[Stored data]
——

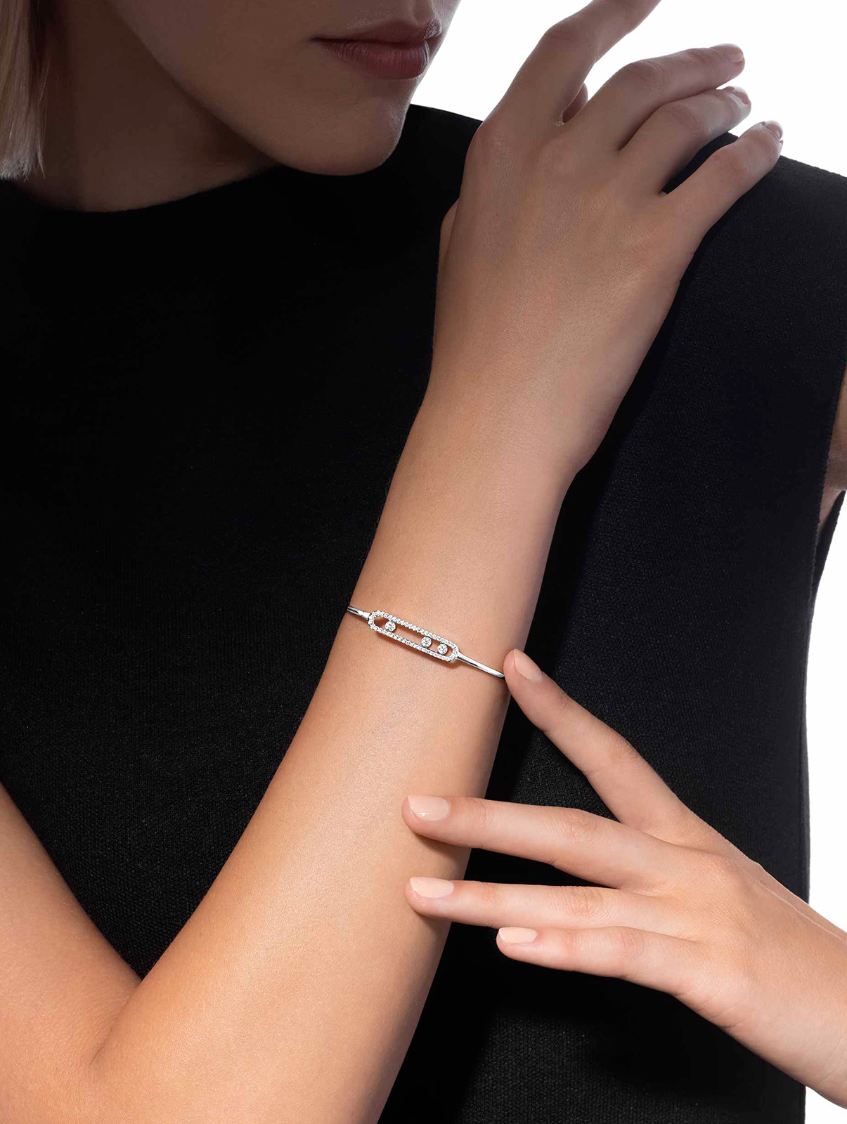 Если у вас тонкое запястье, наиболее гармонично будет смотреться изящный, не слишком массивный браслет-джонк, и наоборот. В зависимости от желаемого образа не бойтесь сочетать разные стили, мотивы, цвета и пропорции. Для еще более яркого эффекта носите одновременно на одном запястье браслет-джонк Move Uno Pavé из золота с бриллиантами и браслет-бэнгл Move Noa Full Pavé в виде ленты с выразительным графичным дизайном.
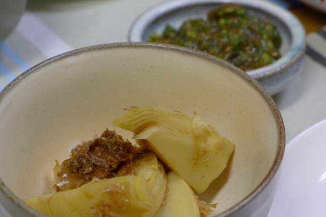 久万高原町は、今朝、雪、みぞれ、アラレ、雨のフルコースでした。すぐに止むと思っていたのですが、意外と天気の回復が遅く、寒々するなか、ウグイスが、これまた寒そうに、発声練習をしていました。これから暖かくなって、明日明後日には、美声を響かせてくれるかな。場面変わりまして。昨夜の夕食には、筍が食卓にのぼりました。愛媛県産ということですが、まだ久万高原町ではできてないんではないかな。奥にあるのはフキノトウの味噌和え、これはうちの畑付近で採ったものです。季節感のある食卓はいいですね。
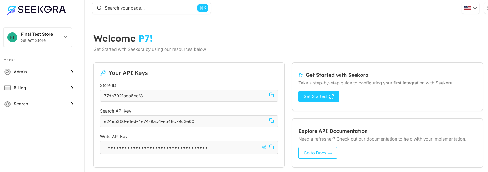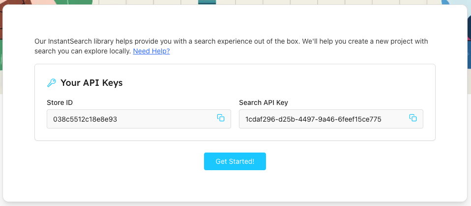 | Search API Key | Read-only access for performing searches and retrieving results. See Next Steps for integration guidance. | Frontend integration and search queries |
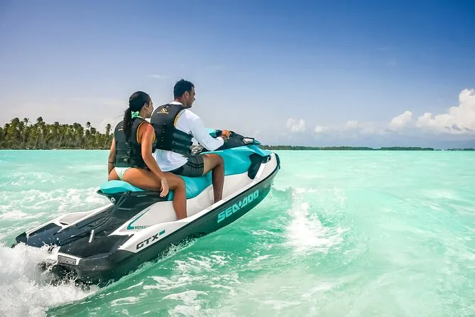 Le tour en quad dure environ 3 heures, la partie jet ski 2 heures, plus le temps pour le déjeuner sur le motu.
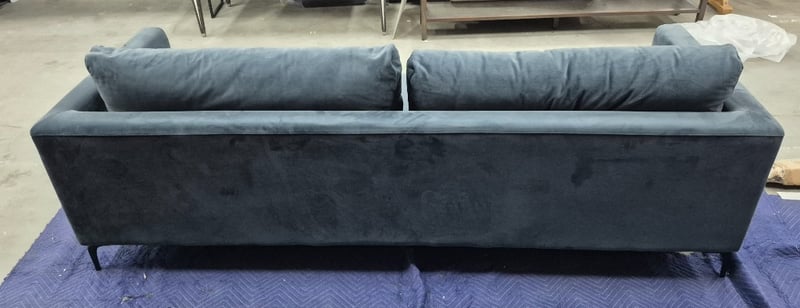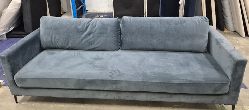 Couch grey blue velvet Dimensions height 70 width 251cm depth 91cm
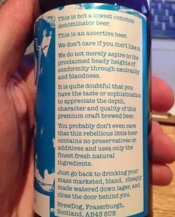 “这不是一款通过普通标准化流程制造出的啤酒。我们并不仅仅追求从那些味道平庸千篇一律的啤酒中脱颖而出。其实我们非常的怀疑,你是不是有足够的品味欣赏这款啤酒的深刻内涵、鲜明个性和优异的品质。也许你并不在乎这瓶酒在酿造过程中只用最好的新鲜材料,它不含防腐剂、添加剂。那么你还是去超市选择廉价啤酒吧,再见不送。”
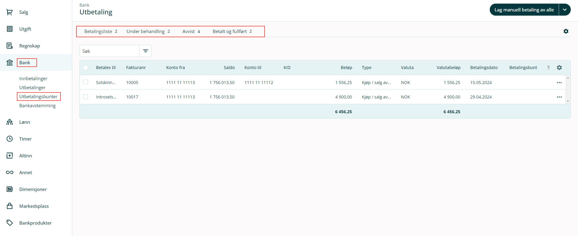 Gå til Bank i venstremenyen og velg Utbetalinger. Dette gir deg en oversikt over alle utbetalinger i systemet, og du har følgende fanevalg:
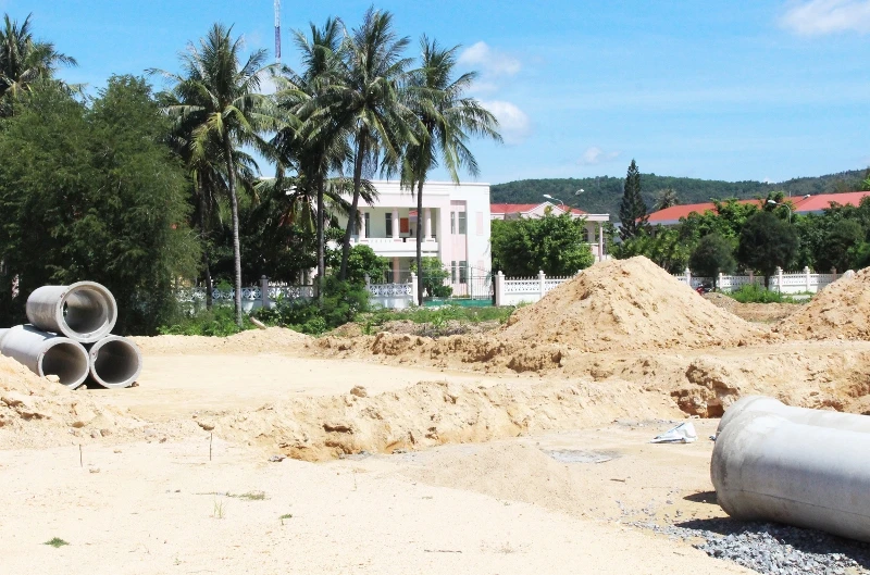 Phần đất bên phải trụ sở Công an thị xã Sông Cầu mà UBND thị xã ra thông báo thu hồi để giao cho doanh nghiệp làm dự án khu đô thị. Ảnh: TẤN LỘC
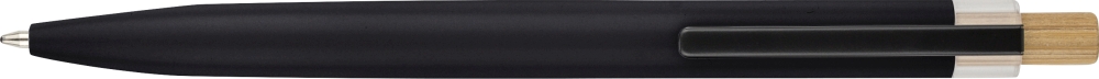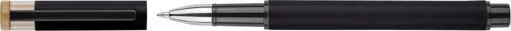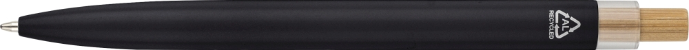 Sada lakovaných per z recyklovaného hliníku s kuličkovým a rollerovým perem. Bambusové tlačítko, rPET lem a kovový klip; roller obsahuje bambusový/rPET detail víčka a odpovídající klip. Obě pera s gravírovaným logem z recyklovaného materiálu. Píše přibližně 700 m (kuličkové pero) a 500 m (roller). Modrý inkoust. Baleno v barevné dárkové krabičce z recyklovaného kartonu. Rozměry: 1,4 cm x 17,8 cm
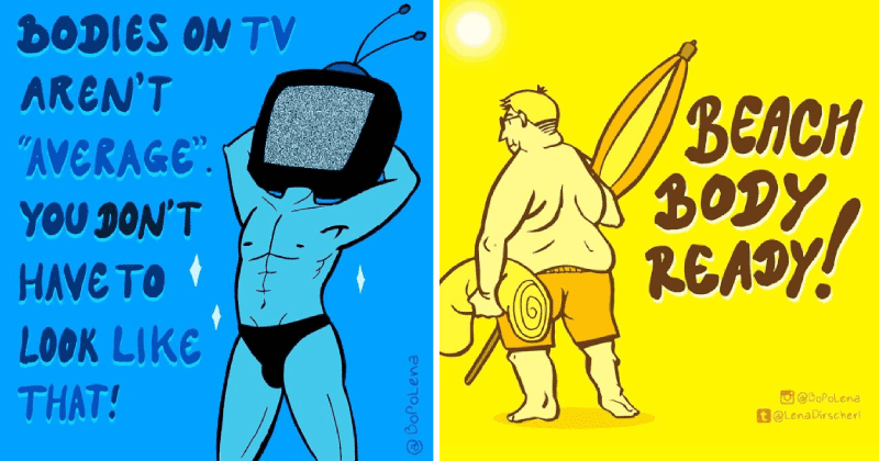 Men also feel the pressure to look 'fit' and have sculpted bodies as depicted in the media but these illustrations remind men to love their bodies.
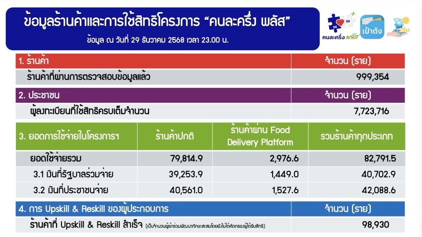 น.ส.ลลิดา เพริศวิวัฒนา รองโฆษกประจำสำนักนายกรัฐมนตรี เปิดเผยว่า ตามที่โครงการ “คนละครึ่ง พลัส” ซึ่งได้เริ่มดำเนินการมาตั้งแต่วันที่ 29 ต.ค.68 และจะครบกำหนดในวันที่ 31 ธ.ค.68 นั้น ขณะนี้ จากข้อมูลร้านค้าและการใช้สิทธิตามโครงการดังกล่าว พบว่ามีประชาชน ใช้สิทธิในการใช้จ่ายเต็มวงเงิน (2,000 หรือ 2,400 บาท แล้วแต่ละกรณี) ครบแล้ว 7.72 ล้านคน แต่ยังมีประชาชนอีกประมาณ 13 ล้านคน ที่ยังใช้สิทธิไม่เต็มวงเงินที่ได้รับ หรือคิดเป็นวงเงินที่ยังไม่ได้ใช้สิทธิ อีกประมาณ 6,000 ล้านบาท
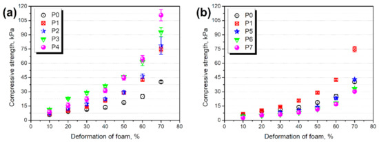 Compressive strength of foams containing (a) GTR modified with H2O2 and (b) GTR modified with KMnO4.
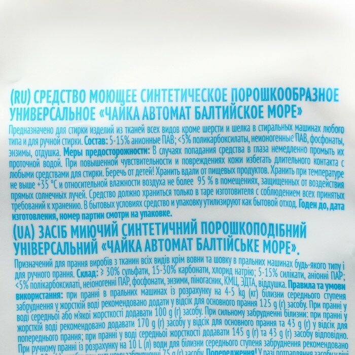 Стиральный порошок универсальный автомат Чайка Балтийское море, 400 гр.
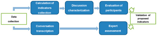 The expert reviews the transcription of the conversation (Section 2.2.5), and freely makes comments about the interventions of participants. Afterwards, the assessment of the expert is compared with the evaluation of participants (Section 2.2.4) for validation, as displayed in Figure 1.
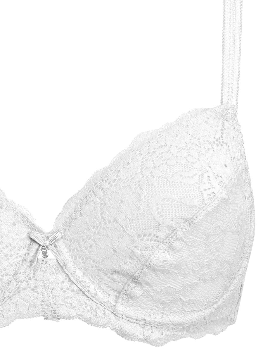 Un modello classico alla francese realizzato in morbido pizzo floreale. Le coppa con taglio orizzontale sono doppiate internamente in tulle e assicurano un'ottima vestibilità. Il torace è in laize di pizzo con spalline regolabili. Dettaglio a centroseno di fiocchetto in raso con gioiello e punto luce.
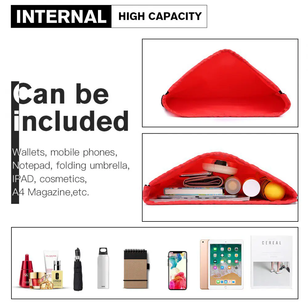 Nógu stór fyrir A4 hluti.Nóg pláss fyrir allar daglegar nauðsynjar: síma, veski/veski, lykla. Regnhlíf og vatnsflaska passa einnig í pokanum.
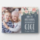 Nur die besten Mütter werden nach Gigi befördert! Teilen Sie den Tag der Mutter mit dieser schönen Foto-Plakette, die ein wertvolles Foto ihres Enkels oder ihrer Enkel zeigt. Persönlich mit ihren Namen auf der rechten Seite, in weißer Schrift auf einem eleganten, blau-schieferfarbenen Hintergrund mit pfirsichfarbenen und rot-rosa Blume und grünem Blattwerk.
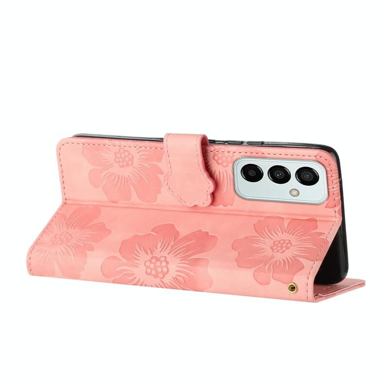Για Samsung Galaxy M23 λουλούδι ανάγλυφο μοτίβο δερμάτινη θήκη τηλεφώνου (ρόζ)
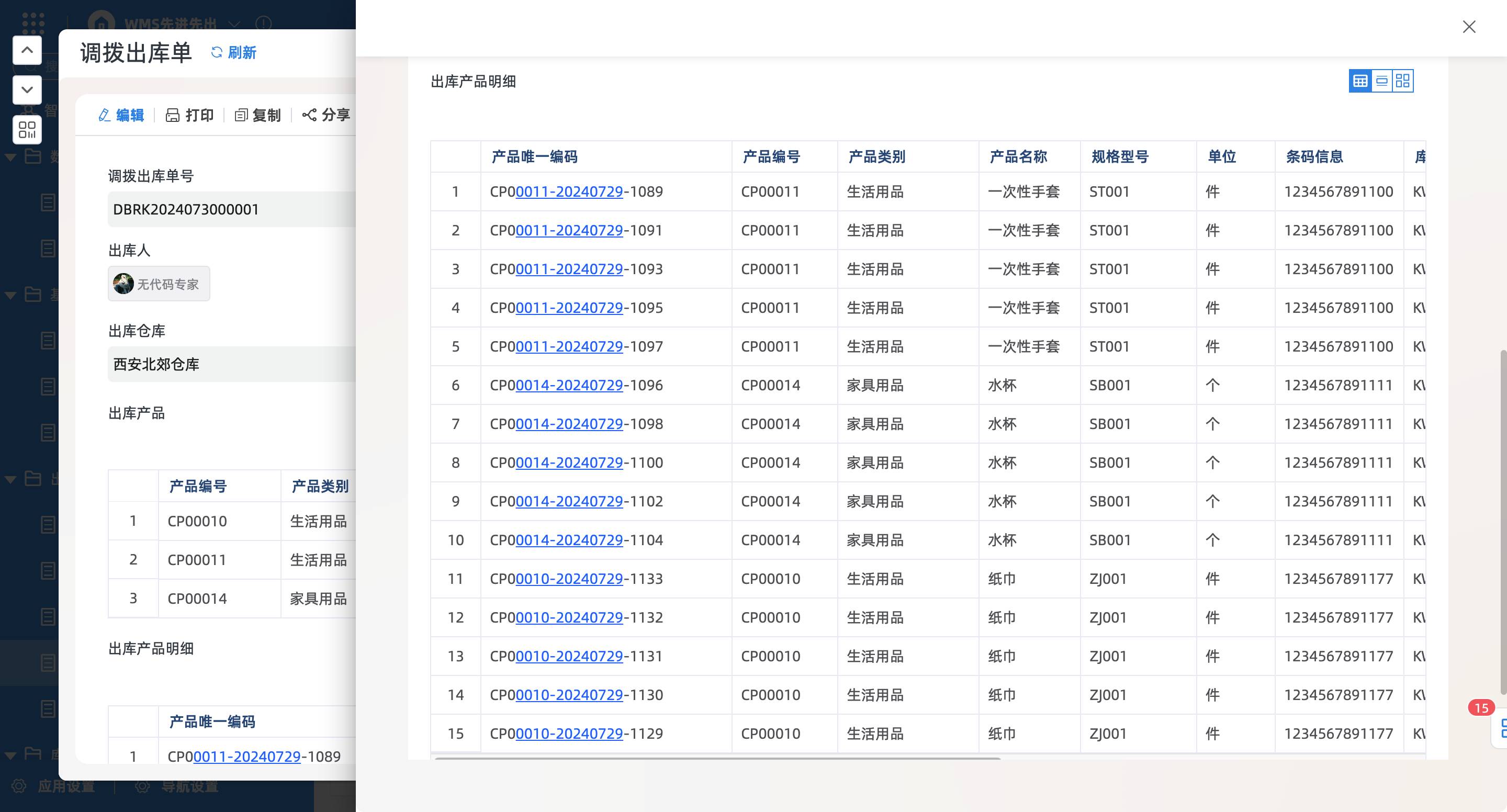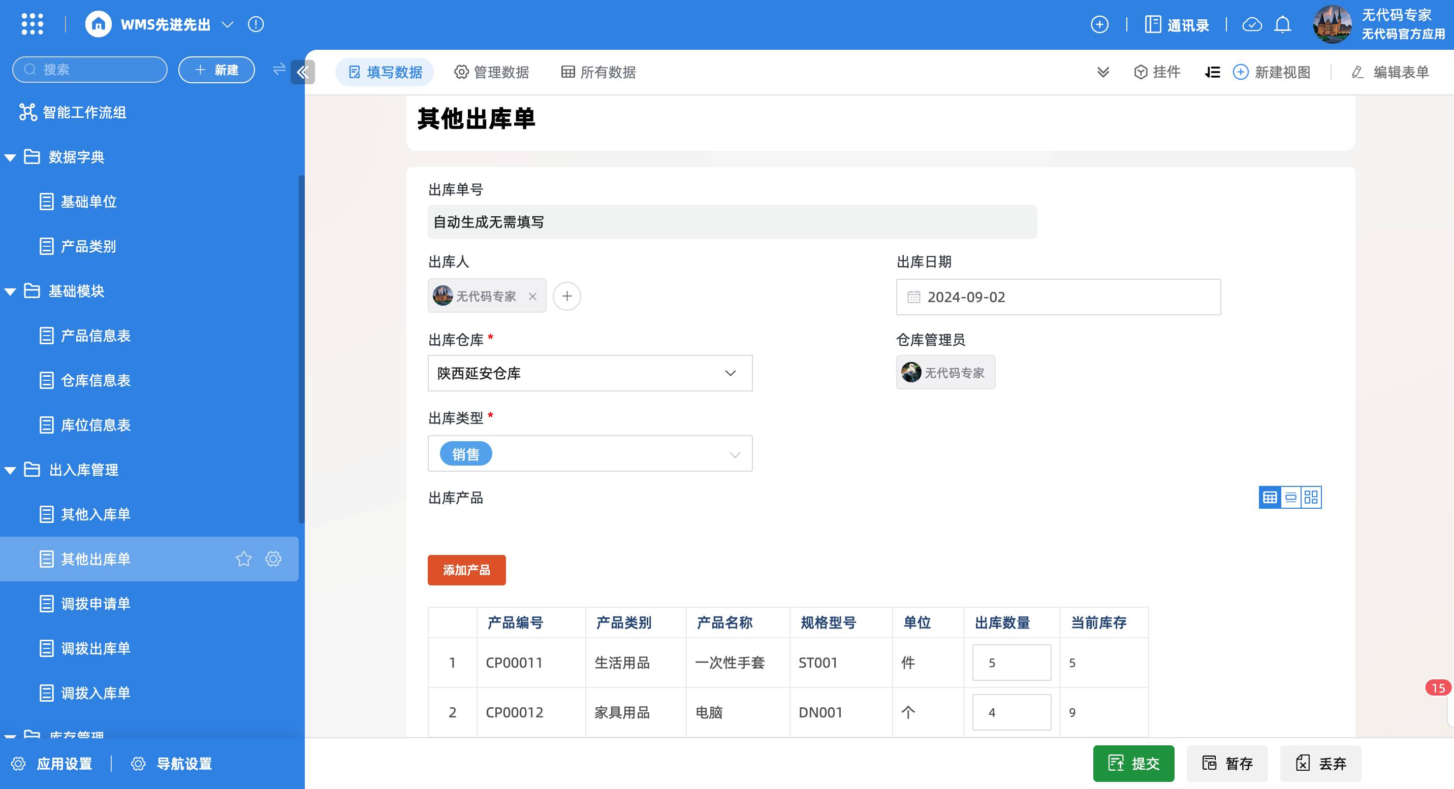 - 其他出库单:记录其他出库类型信息、出库产品明细等,防止库存数据遗漏。
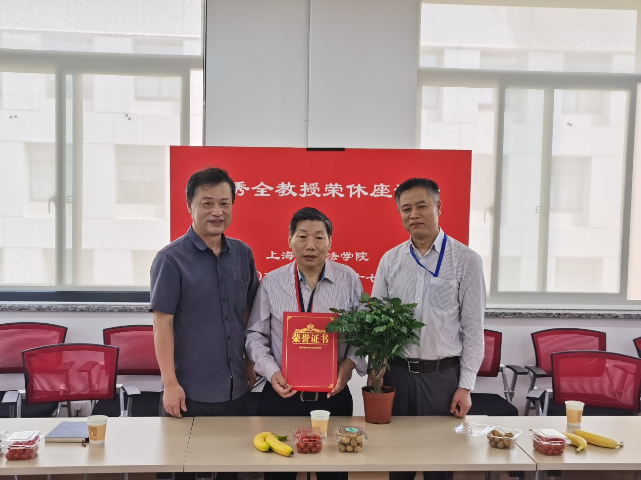 荣休仪式上,学院党委书记徐国明、院长李凤章首先为张秀全教授颁发荣休证书和献上幸福树,感谢张秀全教授为上大bwin必赢和民商法学科的发展做出的杰出贡献,并祝愿张老师身体健康,生活幸福安康。
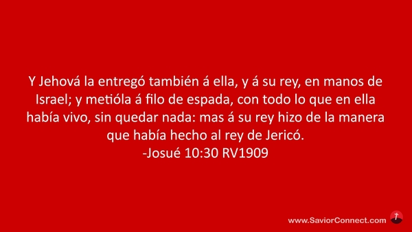 Y Jehová la entregó también á ella, y á su rey, en manos de Israel; y metióla á filo de espada, con todo lo que en ella había vivo, sin quedar nada: mas á su rey hizo de la manera que había hecho al rey de Jericó. -Josué 10:30 RV1909
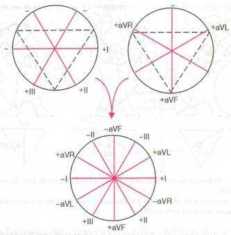 Направление осей отведений принято определять в градусах. За начало отсчета (0°) условно принимается радиус, проведенный строго горизонтально из электрического центра сердца влево по направлению к активному положительному полюсу I стандартного отведения. Положительный полюс II стандартного отведения расположен под углом +60°, отведения aVF — под углом +90°, III стандартного отведения — под углом +120°, aVL — под углом —30°, a aVR — под углом —150°. Ось отведения aVL перпендикулярна оси II стандартного отведения, ось I стандартного отведения перпендикулярна оси aVF, а ось aVR перпендикулярна оси III стандартного отведения.

——

Pick up at the line that holds "Y Jehová la" and restate each line, word for word, through the last line of the entries. Include both end lines but none of the pictures.

→ **Response to this task**
 Y Jehová la entregó también á ella, y á su rey, en manos de Israel; y metióla á filo de espada, con todo lo que en ella había vivo, sin quedar nada: mas á su rey hizo de la manera que había hecho al rey de Jericó. -Josué 10:30 RV1909
 Направление осей отведений принято определять в градусах. За начало отсчета (0°) условно принимается радиус, проведенный строго горизонтально из электрического центра сердца влево по направлению к активному положительному полюсу I стандартного отведения. Положительный полюс II стандартного отведения расположен под углом +60°, отведения aVF — под углом +90°, III стандартного отведения — под углом +120°, aVL — под углом —30°, a aVR — под углом —150°. Ось отведения aVL перпендикулярна оси II стандартного отведения, ось I стандартного отведения перпендикулярна оси aVF, а ось aVR перпендикулярна оси III стандартного отведения.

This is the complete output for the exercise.